How do I create a "summary" dataframe that contains an element-wise mean for every element? How about a dataframe that contains an element-wise standard deviation?
A B C
0 -1.624722 -1.160731 0.016726
1 -1.565694 0.989333 1.040820
2 -0.484945 0.718596 -0.180779
3 0.388798 -0.997036 1.211787
4 -0.249211 1.604280 -1.100980
5 0.062425 0.925813 -1.810696
6 0.793244 -1.860442 -1.196797
A B C
0 1.016386 1.766780 0.648333
1 -1.101329 -1.021171 0.830281
2 -1.133889 -2.793579 0.839298
3 1.134425 0.611480 -1.482724
4 -0.066601 -2.123353 1.136564
5 -0.167580 -0.991550 0.660508
6 0.528789 -0.483008 1.472787
You can create a panel of your DataFrames and then compute the mean and SD along the items axis:
df1 = pd.DataFrame(np.random.randn(10, 3), columns=['A', 'B', 'C'])
df2 = pd.DataFrame(np.random.randn(10, 3), columns=['A', 'B', 'C'])
df3 = pd.DataFrame(np.random.randn(10, 3), columns=['A', 'B', 'C'])
p = pd.Panel({n: df for n, df in enumerate([df1, df2, df3])})
>>> p.mean(axis=0)
A B C
0 -0.024284 -0.622337 0.581292
1 0.186271 0.596634 -0.498755
2 0.084591 -0.760567 -0.334429
3 -0.833688 0.403628 0.013497
4 0.402502 -0.017670 -0.369559
5 0.733305 -1.311827 0.463770
6 -0.941334 0.843020 -1.366963
7 0.134700 0.626846 0.994085
8 -0.783517 0.703030 -1.187082
9 -0.954325 0.514671 -0.370741
>>> p.std(axis=0)
A B C
0 0.196526 1.870115 0.503855
1 0.719534 0.264991 1.232129
2 0.315741 0.773699 1.328869
3 1.169213 1.488852 1.149105
4 1.416236 1.157386 0.414532
5 0.554604 1.022169 1.324711
6 0.178940 1.107710 0.885941
7 1.270448 1.023748 1.102772
8 0.957550 0.355523 1.284814
9 0.582288 0.997909 1.566383
One simple solution here is to simply concatenate the existing dataframes into a single dataframe while adding an ID variable to track the original source:
dfa = pd.DataFrame( np.random.randn(2,2), columns=['a','b'] ).assign(id='a')
dfb = pd.DataFrame( np.random.randn(2,2), columns=['a','b'] ).assign(id='b')
df = pd.concat([df1,df2])
a b id
0 -0.542652 1.609213 a
1 -0.192136 0.458564 a
0 -0.231949 -0.000573 b
1 0.245715 -0.083786 b
So now you have two 2x2 dataframes combined into a single 4x2 dataframe. The 'id' columns identifies the source dataframe so you haven't lost any generality, and can select on 'id' to do the same thing you would to any single dataframe. E.g. df[ df['id'] == 'a' ].
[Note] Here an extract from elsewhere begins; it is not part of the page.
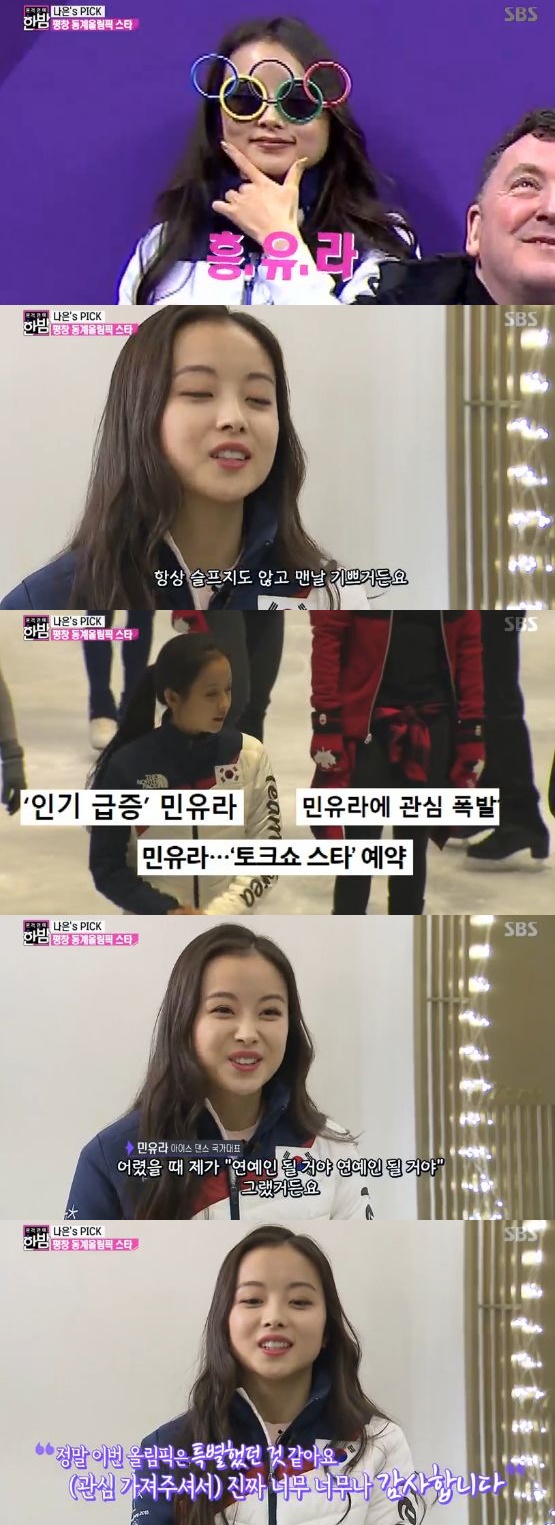 민유라는 자신을 향한 뜨거운 관심에 대해 "어렸을 때 '연예인이 될 거야'라고 말하고 다녔는데 진짜 연예인이 됐다"라며 "정말 이번 올림픽은 특별했던 것 같다. 관심 가져주셔서 정말 감사하다"고 팬에 고마운 마음을 전했다.

But now you can also use groupby to do any pandas method such as mean() or std() on an element by element basis:
df.groupby('id').mean()
a b
index
0 0.198164 -0.811475
1 0.639529 0.812810
The following solution worked for me.
average_data_frame = (dataframe1 + dataframe2 ) / 2
Or, if you have more than two dataframes, say n, then
average_data_frame = dataframe1
for i in range(1,n):
average_data_frame = average_data_frame + i_th_dataframe
average_data_frame = average_data_frame / n
Once you have the average, you can go for the standard deviation. If you are looking for a "true Pythonic" approach, you should follow other answers. But if you are looking for a working and quick solution, this is it.